If in step S306, picture shown by user main frame repaints event (as the step S306 "Yes" indicated), then carry out step S308, it is simply that cut the operating system of record user main frame for repainting the content of character string output order produced by event. Character string output order inner capacities owing to obtaining in step S308 is likely to very huge, and therefore the character string output order content obtained also to be filtered by the present embodiment further, to obtain required information. Therefore, the management method that the present embodiment provides also can carry out step S310, it is exactly the position detecting I rod on the picture shown by user main frame, produces input character data intercept to record the content of character string output order corresponding in the preset range of adjacent I rod. Therefore, the management method of the present embodiment is obtained with the content of required character string output order.
Then, described in the present embodiment such as step S312, it is judged that input character data intercept whether meet multiple predetermined keyword one of them. If the input character data intercept obtained do not meet predetermined keyword arbitrary time (as the step S312 "No" indicated), then progressive rapid S314, it is simply that delete picture capturing data. If on the contrary, input character data intercept meet predetermined keyword one of them time (as the step S312 "Yes" indicated), then as described in step S316, it is simply that stored picture data intercept, inspect for manager. In certain embodiments, the content of the character string output order of correspondence can also be stored.
In sum, the present invention, intercepting when user host picture, also can intercept and input the character data to user main frame, and in this, as whether the foundation of stored picture data intercept. Therefore, the storage facilities that the present invention need not be too big, it is possible to realize elasticity and monitor the technology of long-range user main frame. It addition, manager need not inspect many incoherent data, and only to inspect the input meeting key word string picture capturing data corresponding to character data intercept.
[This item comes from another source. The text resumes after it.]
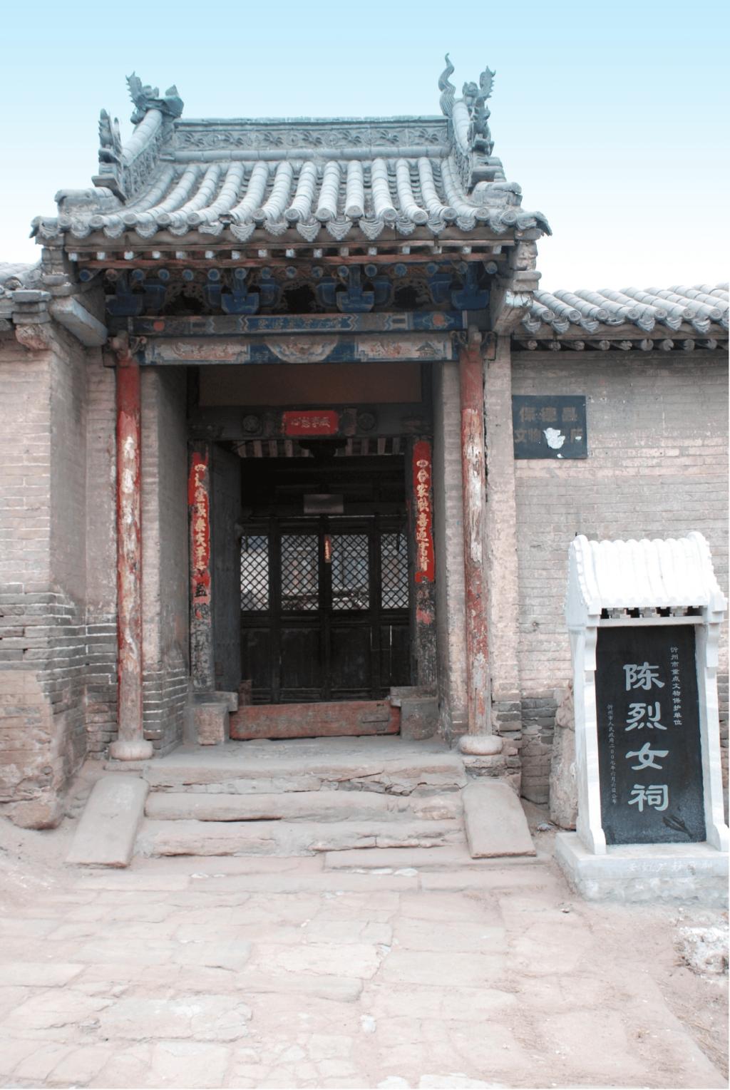 陳烈女祠坐西向東,為二進(jìn)院落布局。占地面積685平方米。大門一座,前院過殿面寬三間,單檐硬山頂;南北配殿各面寬三間,單檐硬山頂。后院正殿面寬三間,單檐硬山頂,前設(shè)小抱廈;后院正殿內(nèi)供奉陳烈女塑像。祠內(nèi)存有明崇禎七年(1634)“圣旨(復(fù)制品)”一道,新繪壁畫16平方米。2007年6月,陳烈女祠被忻州市人民政府公布為市級文物保護單位。
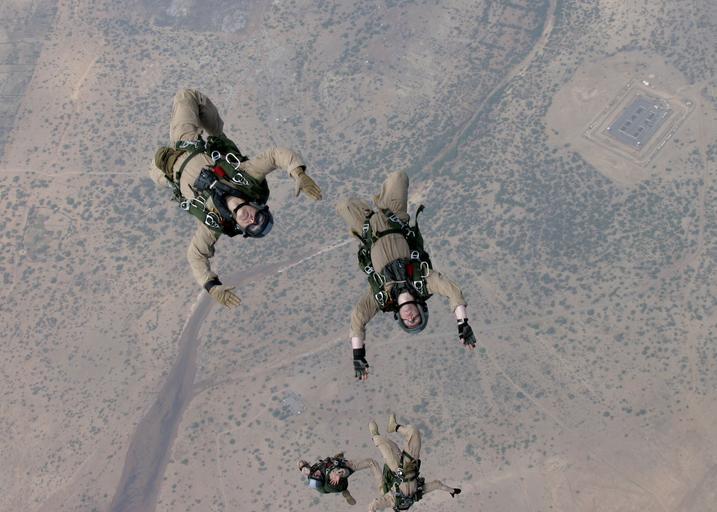 Keywords: parachute skydiving parachuting jumping training military skydivers plane parachutists danger

Therefore, the present invention can also allow user efficiently and more accurately judge whether to occur the event of information leakage.
The above, it is only the preferred embodiments of the present invention, not the present invention is done any pro forma restriction, although the present invention is disclosed above with preferred embodiment, but it is not limited to the present invention, any those skilled in the art, without departing within the scope of technical solution of the present invention, when the technology contents of available the disclosure above makes a little change or is modified to the Equivalent embodiments of equivalent variations, in every case it is without departing from technical solution of the present invention content, according to any simple modification that above example is made by the technical spirit of the present invention, equivalent variations and modification, all still fall within the scope of technical solution of the present invention.
Claims (11)
1. the recording method operating course, it is adaptable to user main frame, it is provided with operating system, it is characterised in that the recording method of described operation course comprises the following steps:
Regularly intercept picture shown on described user main frame, and produce picture capturing data, and detect the picture shown by described user main frame and whether repaint event;
When repainting event described in detecting the picture shown by described user main frame and occurring, then intercept described operating system to the described content repainting at least one character string output order that event exports;
After repainting event described in occurring, it is judged that I rod position on the picture of described user main frame, wherein said I rod is in order to indicate the character data inputting extremely described user main frame original position on its picture; And
Record described picture capturing data, and record the content of character string output order corresponding in the preset range of adjacent described I rod on the picture of described user main frame.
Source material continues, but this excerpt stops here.